───── DATA TO PROCESS ─────

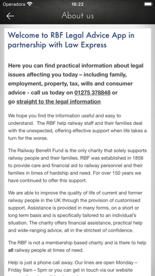 This App provides legal information and guidance and covers topics such as; Motoring, Employment, Separation, Tax & Wills etc.. It gives further information about the Railway Benefit Fund and if the information they seek is not in the articles supplied they can request extra help - there is also a feedback form to allow users to comment on App and put forward any further improvements ideas.
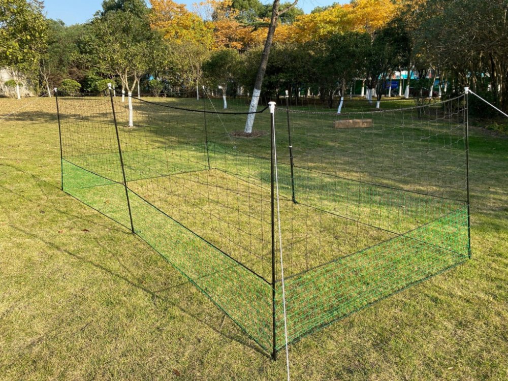 Ohradníková síť pro drůbež, kompletní souprava se snadnou instalací. Sada obsahuje:1 síť o rozměrech 12 m x 1,25 m s průměrem ok černé sítě 10 cm a zelené sítě 4,5 cm6 sloupků, 1 dveřní sloupek (pro snadné otevírání a zavírání), 1 dveřní díl včetně: 1 pružiny + 1 spojovacího dílu pro dveřní zárubeň6 dvojhrotů ve tvaru písmene H6 bílých krytů5 vypínacích lan se smyčkou16 kolíkůmodulární a propojitelné s jinými sítěmi stejného typuodolné vůči nepřízni počasípřizpůsobená síťovina ve spodní části poskytuje MAXIMÁLNÍ BEZPEČÍ a zabraňuje útěkům
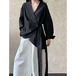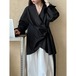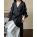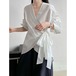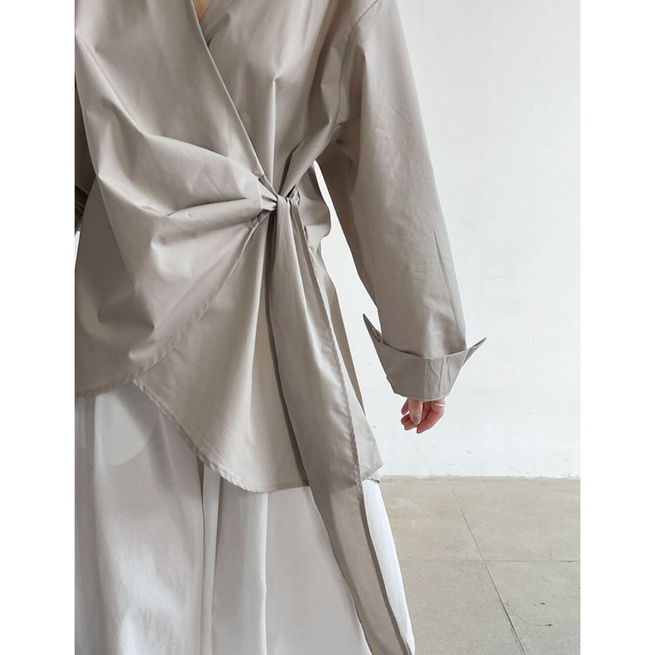 ウエストを結ぶリボンがアクセントになったシャツ。シンプルなボトムスと合わせるだけで、個性が光るスタイリングが完成します。
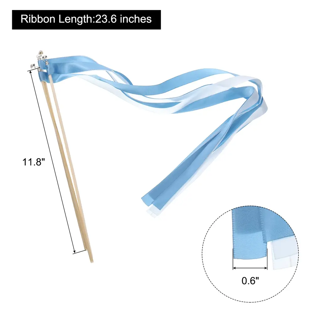 Add a touch of elegance and celebration to your special event with these 20Pcs Wedding Ribbon Sticks. Made from high-quality ribbons, these sticks are perfect for decorating birthday parties, weddings, graduation parties, and more. With a wand length of 11.8 inches and ribbon length of 23.6 inches, these sticks are easy to hold and wave, allowing you to create beautiful patterns in the air. Choose from the colors golden, white, and black to match your event's theme. These ribbon sticks are designed to add fun and create a warm and moving atmosphere, making them ideal for wedding-themed parties. Please remember to keep these ribbon sticks away from fire for safety.Features:
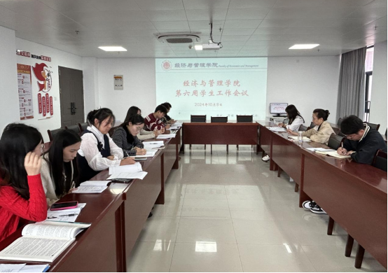2024年10月8日,经济与管理学院在行政楼725会议室召开了本学期第六周学生管理工作例会。学院书记助理叶赵强、团总支书记员禹辛及全体辅导员参会,会议由院长吴玲主持。
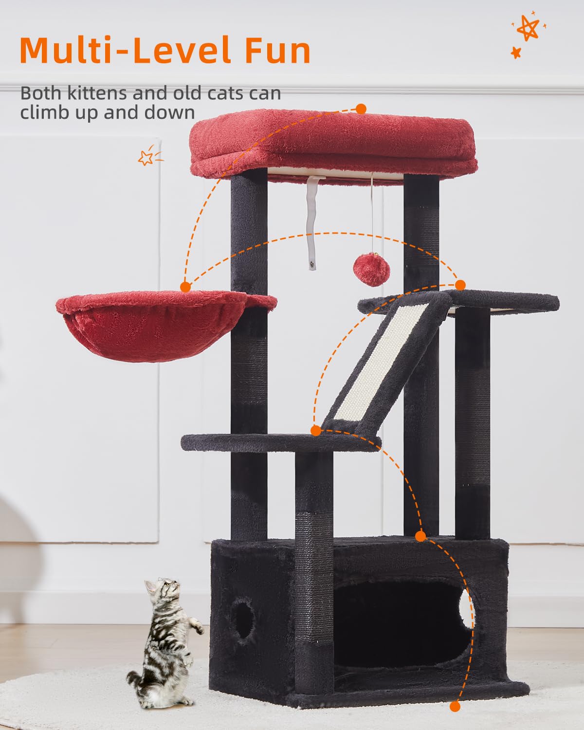 Taoqimiao Gothic Cat Tree,38.5-Inch Cat Tower For Indoor Cats,Suitable For Kittens With Luxurious Cat Condo With Adjustable Bask
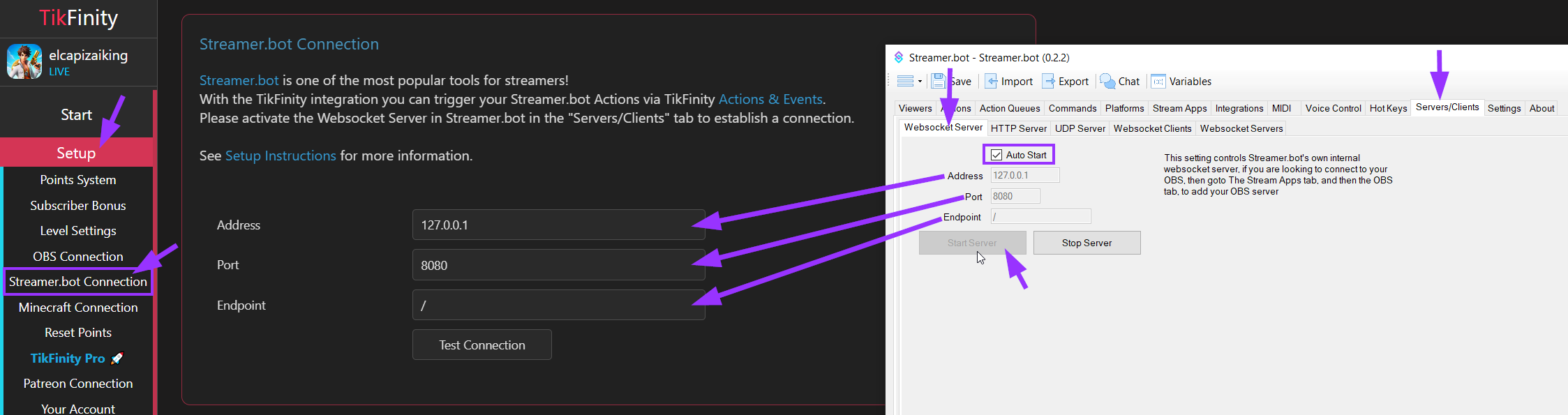 Please download the latest version of Streamer.bot and activate the "Websocket Server", which you can find in the "Server/Clients" tab. Then switch to TikFinity and go to "Setup" -> "Streamer.bot Connection" to set the connection details. In most cases, the default values are fine. Click on "Test Connection" to check if the connection is working. If it is, you can start using Streamer.bot in the TikFinity Actions.
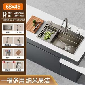 网红枪灰【68*45】纳米抗菌小米粒压纹-大单槽-抽拉龙头-洗杯器套餐
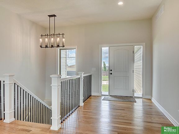 Welcome home to The Evelyn, 4 bedroom, walkout ranch floor plan by Legendary Homes. The custom open floor plan includes Gerkin windows, quartz countertops, stainless steel appliances, spa-like master bath with a walk in tile shower and pocket office off of kitchen. The Evelyn offers birch custom cabinets throughout the home and white oak flooring throughout the main living space. The basement is finished with 2 bedrooms, large entertaining area with walk up bar and walkout to the large backyard. The home also features passive radon piping, sump pump with sealed pit, sprinkler system, 2x6 exterior walls with blown in insulation, large covered composite deck with aluminum railing, patio and 3 car insulated garage. HERS Rated/Energy Star home. Bennington Schools, Neighborhood pool and walking trails.
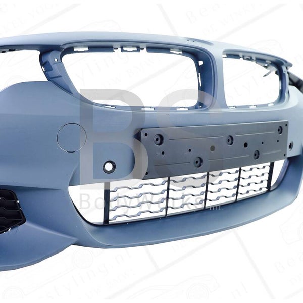 Een M pakket look voorbumper uitgevoerd met voorbereidingen voor parkeersensoren & koplamp sproeiers. De voorbumper is passend de BMW 4 Serie F32 Coupé, F33 Cabrio & F36 Gran Coupé vanaf het bouwjaar 2013. Complete voorbumper inclusief bumper versteviging. De bumper is getest op kwaliteit, pasvorm & afwerking en beschikt over een certificaat.
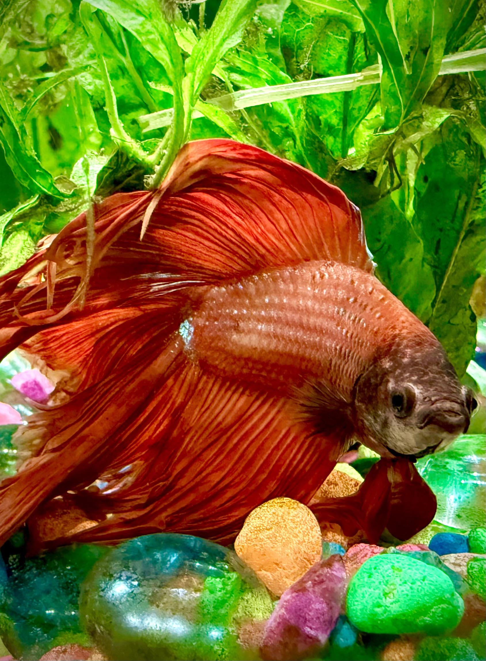 I know I know… Plants good, colored gravel bad. Fred decided to hang out under the plants today and posed for me at the front of the tank. No reflection made for a pretty good shot of him.
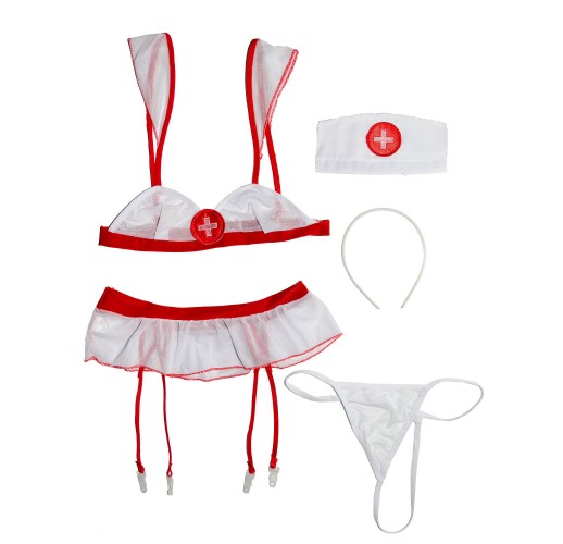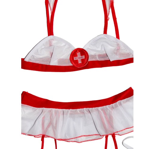 Еротичний ігровий костюм "Медсестра" (костюм для рольових ігор): бюстгальтер, мікро-спідниця з підв'язками (без панчіх), труси, ободок на голову. Стетоскоп не входить до набору.
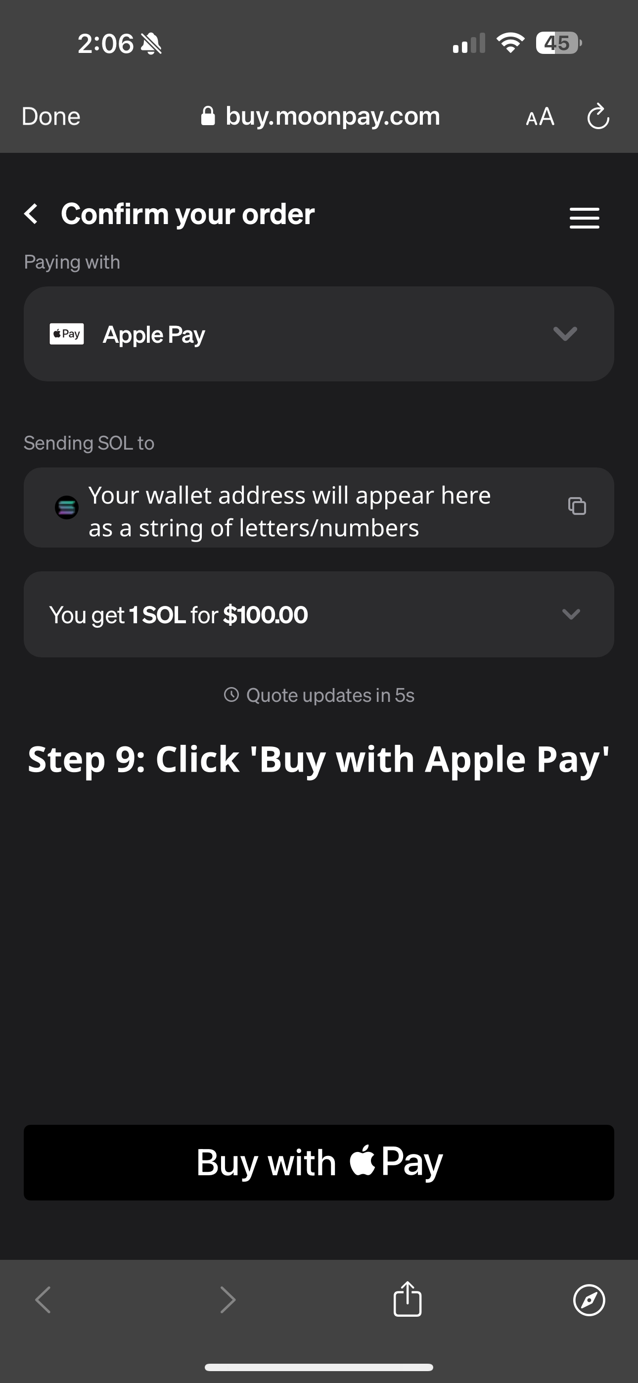 This guide will help you buy $WYNN easily using ApplePay on iPhone via on Phantom Wallet through Moonpay.
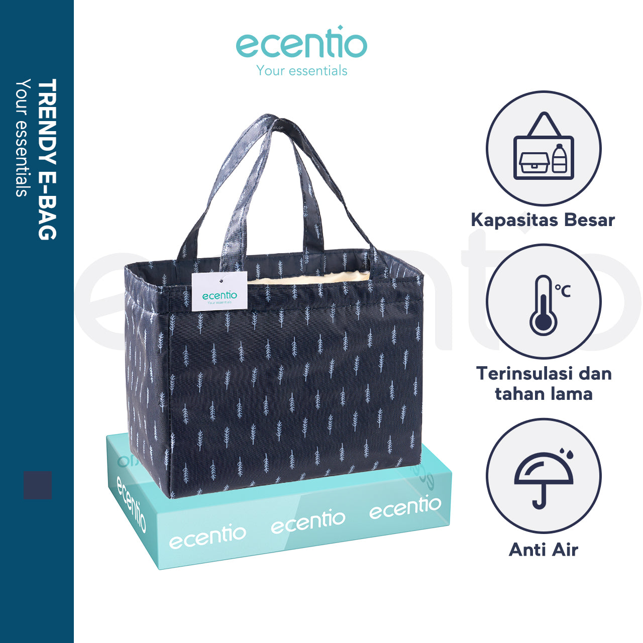 Product name:ecentio lunch warmer bag navy blue large model 25*20*17cm

─────

__EXERCISE OBJECTIVE__
From the entries above, copy exactly the lines starting at the one with "Ohradníková síť pro" and stopping at the one with "ウエストを結ぶリボンがアクセ", keeping both ends. Drop the pictures.

__WRITTEN RESPONSE__
 Ohradníková síť pro drůbež, kompletní souprava se snadnou instalací. Sada obsahuje:1 síť o rozměrech 12 m x 1,25 m s průměrem ok černé sítě 10 cm a zelené sítě 4,5 cm6 sloupků, 1 dveřní sloupek (pro snadné otevírání a zavírání), 1 dveřní díl včetně: 1 pružiny + 1 spojovacího dílu pro dveřní zárubeň6 dvojhrotů ve tvaru písmene H6 bílých krytů5 vypínacích lan se smyčkou16 kolíkůmodulární a propojitelné s jinými sítěmi stejného typuodolné vůči nepřízni počasípřizpůsobená síťovina ve spodní části poskytuje MAXIMÁLNÍ BEZPEČÍ a zabraňuje útěkům
 ウエストを結ぶリボンがアクセントになったシャツ。シンプルなボトムスと合わせるだけで、個性が光るスタイリングが完成します。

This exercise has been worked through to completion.